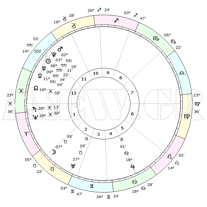 | | ΘΕΣΕΙΣ ΠΛΑΝΗΤΩΝ ΑΣΤΡΟΛΟΓΙΚΟΥ ΧΑΡΤΗ ΤΗΣ ΣΤΙΓΜΗΣ ΑΥΤΗΣ | | | | Πλανήτης | Ζώδιο | Μοίρες | Δεκαήμ. | Σε οίκο | Απόκλιση | | Ακμές των οίκων | | Ηλιος | Υδροχόος | 06°17' | Πρώτο | 12 | 18 S 42 | | 1ος | 13°01' | Υδροχόος | | Σελήνη | Ταύρος | 06°55' | Πρώτο | 3 | 17 N 58 | | 2ος | 28°37' | Ιχθείς | | Ερμής | Υδροχόος | 09°26' | Πρώτο | 12 | 19 S 53 | | 3ος | 04°43' | Ταύρος | | Αφροδίτη | Υδροχόος | 10°58' | Δεύτερο | 12 | 18 S 41 | | 4ος | 01°08' | Δίδυμοι | | Αρης | Υδροχόος | 02°15' | Πρώτο | 12 | 20 S 39 | | 5ος | 23°11' | Δίδυμοι | | Δίας | Καρκίνος | 18°02'R | Δεύτερο | 6 | 22 N 31 | | 6ος | 15°17' | Καρκίνος | | Κρόνος | Ιχθείς | 28°12' | Τρίτο | 1 | 02 S 43 | | 7ος | 13°01' | Λέων | | Ουρανός | Ταύρος | 27°29'R | Τρίτο | 3 | 19 N 25 | | 8ος | 28°37' | Παρθένος | | Ποσειδώνας | Ιχθείς | 29°59' | Τρίτο | 2 | 01 S 13 | | 9ος | 04°43' | Σκορπιός | | Πλούτωνας | Υδροχόος | 03°31' | Πρώτο | 12 | 23 S 03 | | 10ος | 01°08' | Τοξότης | | Β. Δεσμός | Ιχθείς | 10°50' | Δεύτερο | 1 | 07 S 30 | | 11ος | 23°11' | Τοξότης | | Ωροσκόπος | Υδροχόος | 13°01' | Δεύτερο | | | 12ος | 15°17' | Αιγόκερως | | Μεσουράνημα | Τοξότης | 01°08' | Πρώτο | | | |
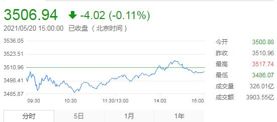 截至收盤,滬指跌0.11%,報3506.94點,成交額達3904億元;深成指漲0.35%,報14535.10點,成交額達4742億元;創指漲0.93%,報3143.62點,成交額達1516億元。
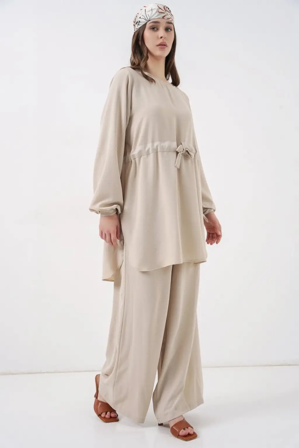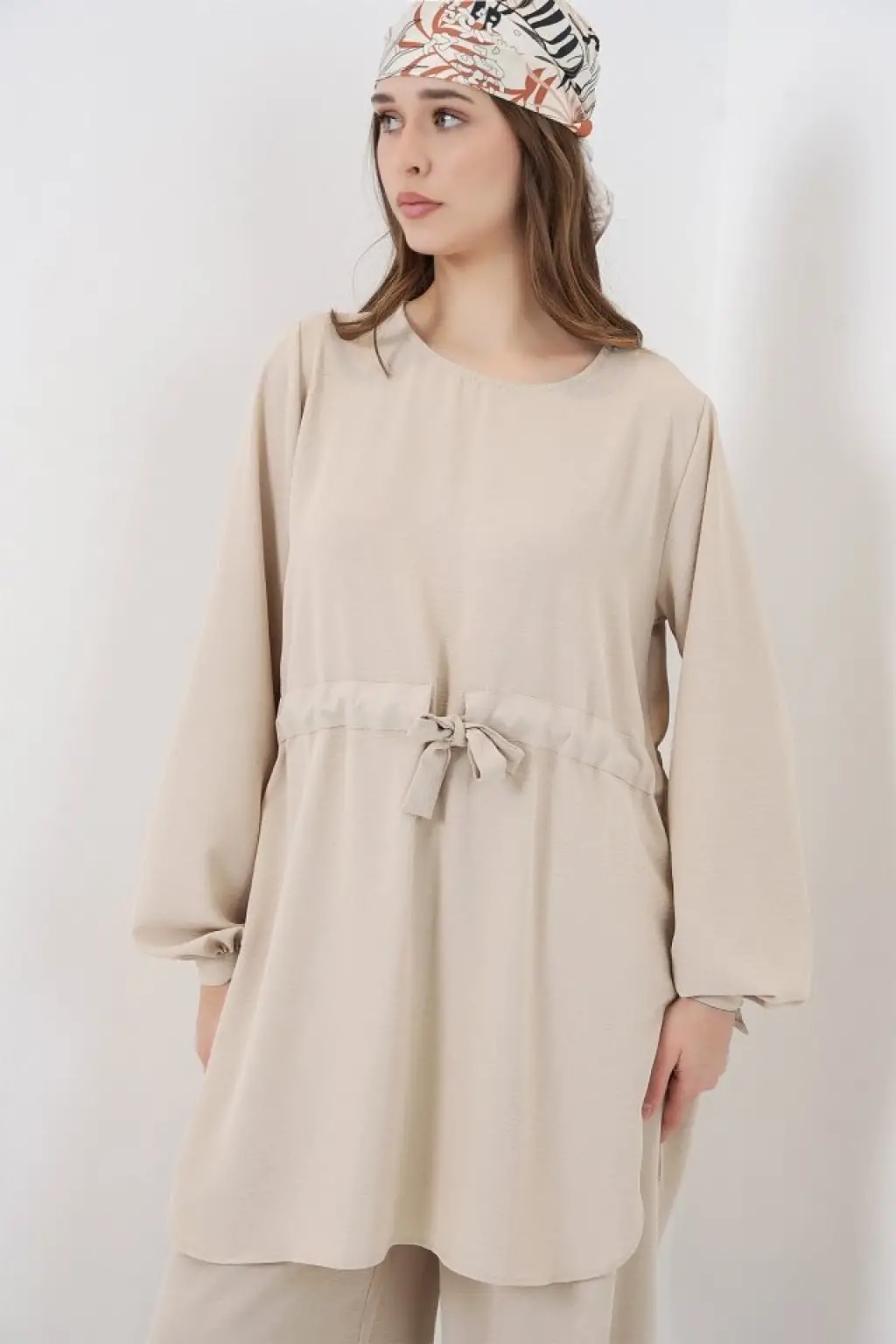 Uzun Tunik Pantolon İkili Takım 6719 - Krem
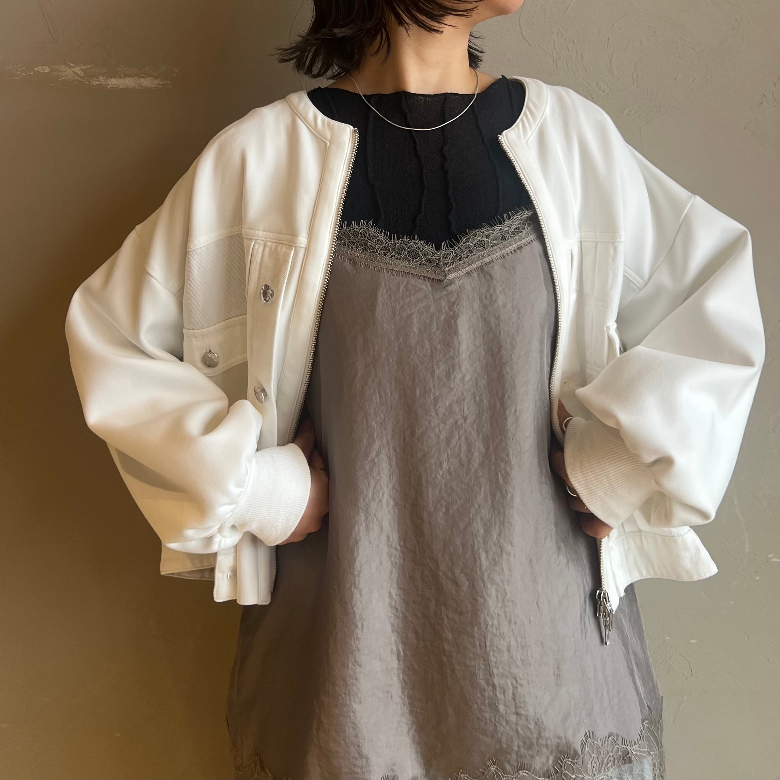 ノーカラー×ジップで顔まわりはすっきり、袖は程よくボリュームが出て女性らしい抜け感に。
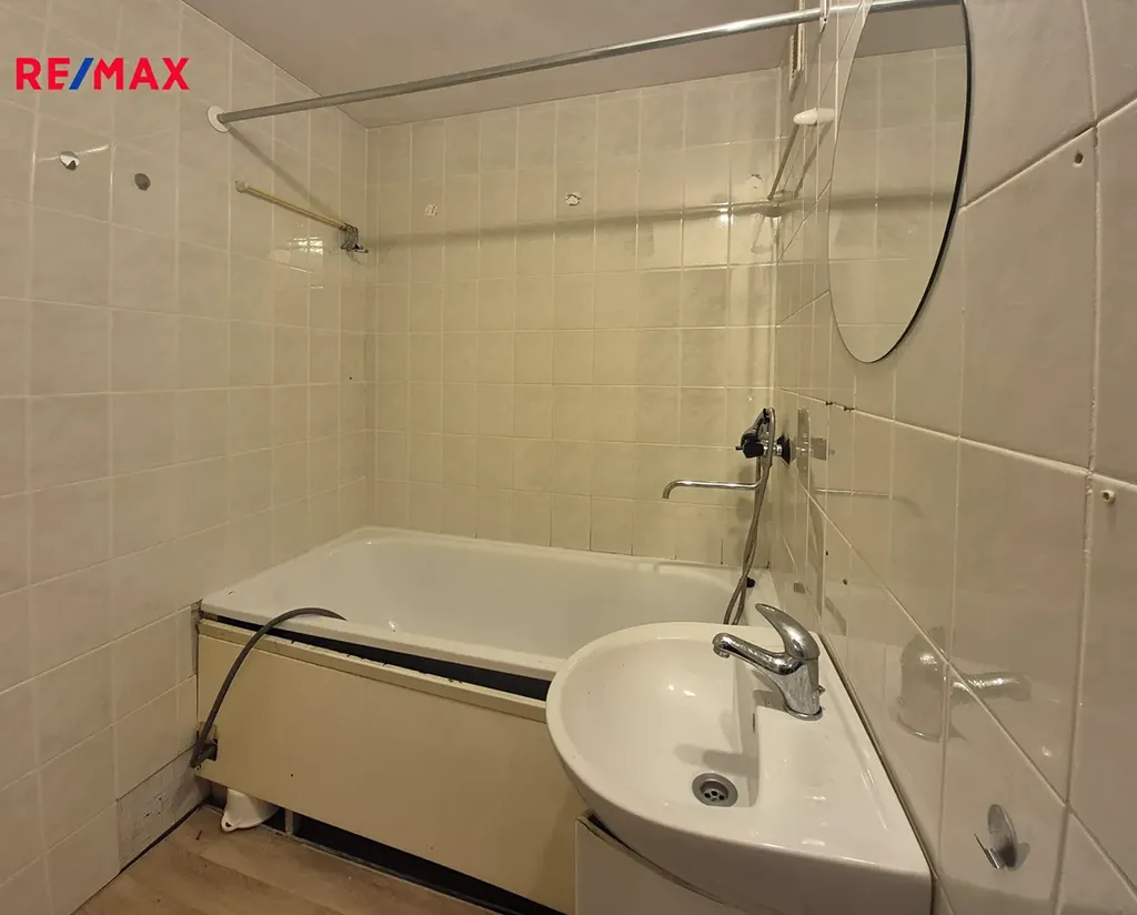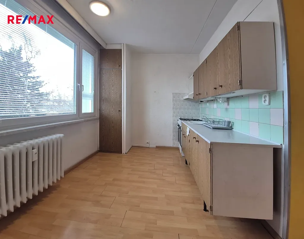 Byt je v původním stavu, má pouze nová plastová okna. Bytové jádro je původní, koupelna je obložena. Byt se sestává z předsíně, koupelny, WC, komory, obývacího pokoje, ložnice, kuchyně a zasklené lodžie. Pokoje nejsou průchozí.

━━━━━━━━━━━━━━━━━━━━

What you are asked to do: Give back exactly the lines running from the one that contains "截至收盤,滬指跌0.11%,報3506." to the end of the records, including both of those lines and excluding every picture.

Answer to this exercise:
 截至收盤,滬指跌0.11%,報3506.94點,成交額達3904億元;深成指漲0.35%,報14535.10點,成交額達4742億元;創指漲0.93%,報3143.62點,成交額達1516億元。
 Uzun Tunik Pantolon İkili Takım 6719 - Krem
 ノーカラー×ジップで顔まわりはすっきり、袖は程よくボリュームが出て女性らしい抜け感に。
 Byt je v původním stavu, má pouze nová plastová okna. Bytové jádro je původní, koupelna je obložena. Byt se sestává z předsíně, koupelny, WC, komory, obývacího pokoje, ložnice, kuchyně a zasklené lodžie. Pokoje nejsou průchozí.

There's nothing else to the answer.